### What to work on
A verbatim transcription of the listing below is required, without its pictures.

======== Data below

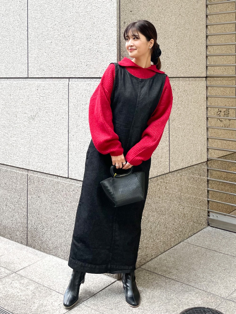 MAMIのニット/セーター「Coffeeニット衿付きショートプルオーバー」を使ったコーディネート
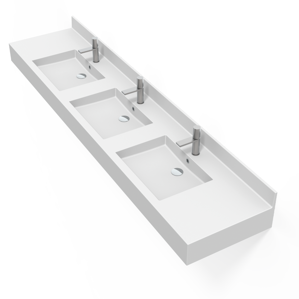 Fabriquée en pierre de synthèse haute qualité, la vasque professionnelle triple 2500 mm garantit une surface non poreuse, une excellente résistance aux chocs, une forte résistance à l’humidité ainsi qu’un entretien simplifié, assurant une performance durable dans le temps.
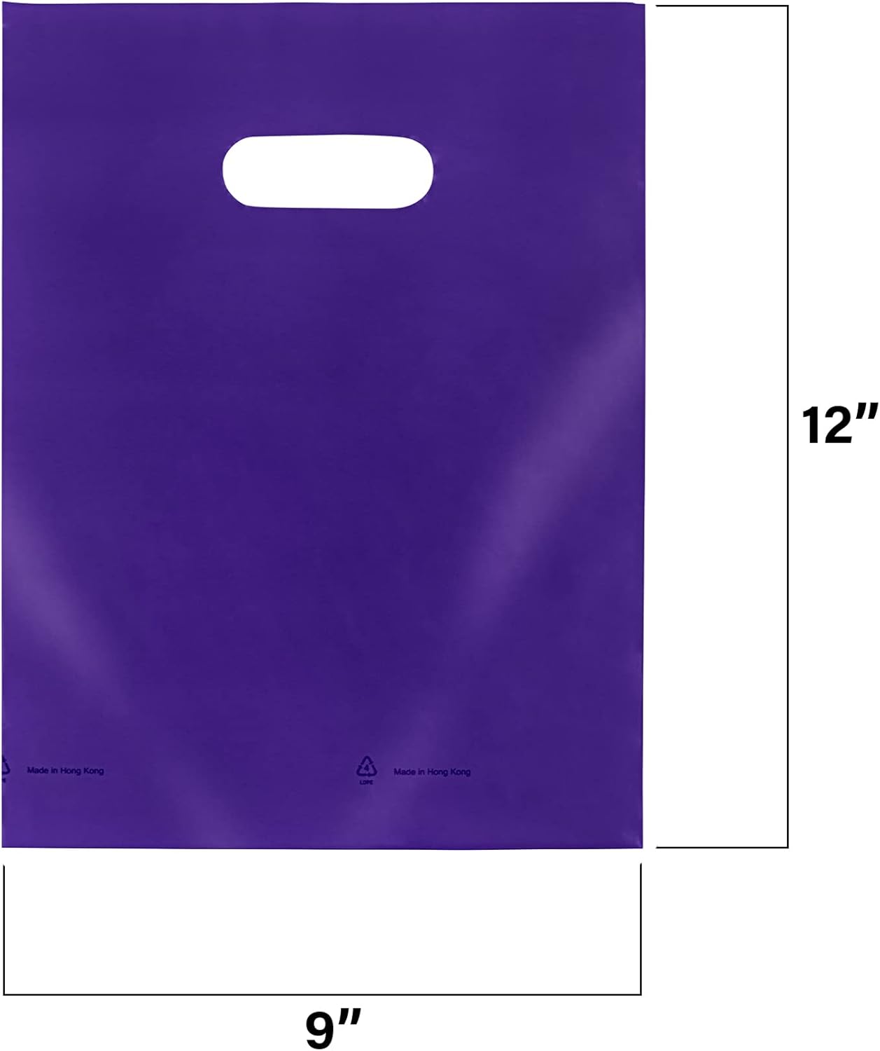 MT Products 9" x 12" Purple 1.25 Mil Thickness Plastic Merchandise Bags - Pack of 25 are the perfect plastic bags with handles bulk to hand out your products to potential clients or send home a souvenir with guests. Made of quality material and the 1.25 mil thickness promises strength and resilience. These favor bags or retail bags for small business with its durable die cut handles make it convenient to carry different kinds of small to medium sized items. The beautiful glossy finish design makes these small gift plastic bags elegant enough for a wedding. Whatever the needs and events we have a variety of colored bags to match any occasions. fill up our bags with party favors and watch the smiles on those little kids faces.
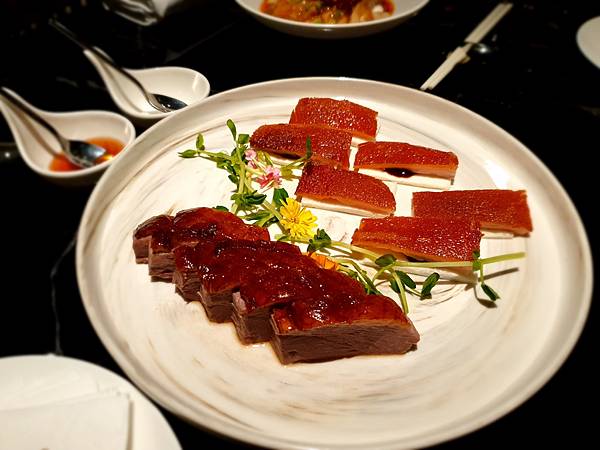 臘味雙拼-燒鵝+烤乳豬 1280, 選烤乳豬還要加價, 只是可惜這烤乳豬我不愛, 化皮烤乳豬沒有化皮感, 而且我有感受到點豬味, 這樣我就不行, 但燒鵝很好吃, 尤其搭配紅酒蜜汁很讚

================

### Answer to this exercise
 MAMIのニット/セーター「Coffeeニット衿付きショートプルオーバー」を使ったコーディネート
 Fabriquée en pierre de synthèse haute qualité, la vasque professionnelle triple 2500 mm garantit une surface non poreuse, une excellente résistance aux chocs, une forte résistance à l’humidité ainsi qu’un entretien simplifié, assurant une performance durable dans le temps.
 MT Products 9" x 12" Purple 1.25 Mil Thickness Plastic Merchandise Bags - Pack of 25 are the perfect plastic bags with handles bulk to hand out your products to potential clients or send home a souvenir with guests. Made of quality material and the 1.25 mil thickness promises strength and resilience. These favor bags or retail bags for small business with its durable die cut handles make it convenient to carry different kinds of small to medium sized items. The beautiful glossy finish design makes these small gift plastic bags elegant enough for a wedding. Whatever the needs and events we have a variety of colored bags to match any occasions. fill up our bags with party favors and watch the smiles on those little kids faces.
 臘味雙拼-燒鵝+烤乳豬 1280, 選烤乳豬還要加價, 只是可惜這烤乳豬我不愛, 化皮烤乳豬沒有化皮感, 而且我有感受到點豬味, 這樣我就不行, 但燒鵝很好吃, 尤其搭配紅酒蜜汁很讚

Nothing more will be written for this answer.